Fue el 10 de marzo cuando el mar arrastró a la orilla un ser que parecía de otra era. Una tortuga olivácea, especie catalogada en peligro de extinción y que generalmente transita por las aguas tropicales o cálidas, pero esta vez apareció varada en la fría playa de Pupelde, en Ancud. Inmóvil, exhausta y con los ojos apenas entreabiertos, yacía en la arena como si el océano la hubiera devuelto con pesar. A su alrededor, se congregó una pequeña multitud. Eran vecinos, curiosos y turistas. Gente con buenas intenciones, pero sin conocimiento. Algunos se inclinaban sobre ella con ternura; otros, con apuro, intentaban devolverla al mar, creyendo que así estarían salvando su vida. No sabían que aquel impulso podría condenarla para siempre. La tortuga no tenía fuerzas para resistirse. Su temperatura corporal era baja y su energía casi nula.
Pasaron apenas unos minutos hasta que llegó al lugar el equipo de Sernapesca. Al ver la escena —la tortuga rodeada de gente y algunos aún intentando devolverla al Pacífico— intervinieron de inmediato. Era evidente: el animal no estaba en condiciones para volver al agua. Inmediatamente los funcionarios activaron el protocolo y en menos de cinco minutos ya estaban en contacto con el centro de conservación Chiloé Silvestre, ubicado en la Reserva Marina Pullinque.

“Me acuerdo que recibí un WhatsApp de Sernapesca: ‘vamos en camino con una tortuga, llegamos en menos de una hora’”, recuerda Javiera López, encargada del área de Medicina y Rehabilitación de Chiloé Silvestre. No hubo tiempo para dudas. Apenas leyó el mensaje, Javiera y su equipo comenzaron a preparar lo necesario para recibir al nuevo paciente.
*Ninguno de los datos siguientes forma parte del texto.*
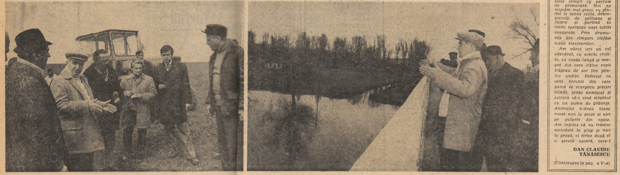
Tovarășul Nicolae Ceaușescu în timpul vizitei sale în unități agricole din județele Giurgiu, Călărași și Ialomița.

En el centro, acostumbrado a trabajar con recursos limitados, la rutina del rescate siempre implica algo de improvisación. No hay equipos de última generación ni grandes instalaciones, pero sí hay compromiso. Lo importante era actuar rápido, ofrecer atención médica básica y confirmar que la tortuga estuviera fuera de peligro.
Eran las 14:08 cuando Javiera López vio entrar la camioneta por el acceso del centro Chiloé Silvestre. Lo recuerda con exactitud. Dentro del vehículo, sobre una caja, venía la tortuga. Desde su posición, apenas podía distinguir su silueta, pero algo en el ambiente se volvió solemne. En ese instante, todo el equipo se activó con un mismo propósito: salvarla.
Entre varios la sacaron con cuidado. Javiera fue quien notó primero la gravedad del estado en que venía. El animal estaba letárgico, como si estuviera atrapado en un sueño profundo. No reaccionaba a los estímulos y mantenía los ojos cerrados, cubiertos por una delgada capa de secreciones. Su cabeza colgaba, vencida por la fatiga.
Javiera se acercó lentamente y la tocó. Por un breve momento, la tortuga parpadeó. Era apenas un gesto, pero suficiente. Estaba viva. Sin perder tiempo, comenzó el examen. Pesaba 37,7 kilos. Era una hembra adulta, con una edad estimada entre los 30 y 50 años. Sin embargo, su condición corporal no era buena, estaba por debajo del peso ideal, aunque no al borde del colapso. Con paciencia, Javiera recorrió cada rincón de su cuerpo, como quien lee una historia escrita en cicatrices. Había una herida antigua y profunda en la aleta izquierda, el caparazón comenzaba a pelarse, y cerca de la cola, la coloración era distinta, quizás señal de una infección.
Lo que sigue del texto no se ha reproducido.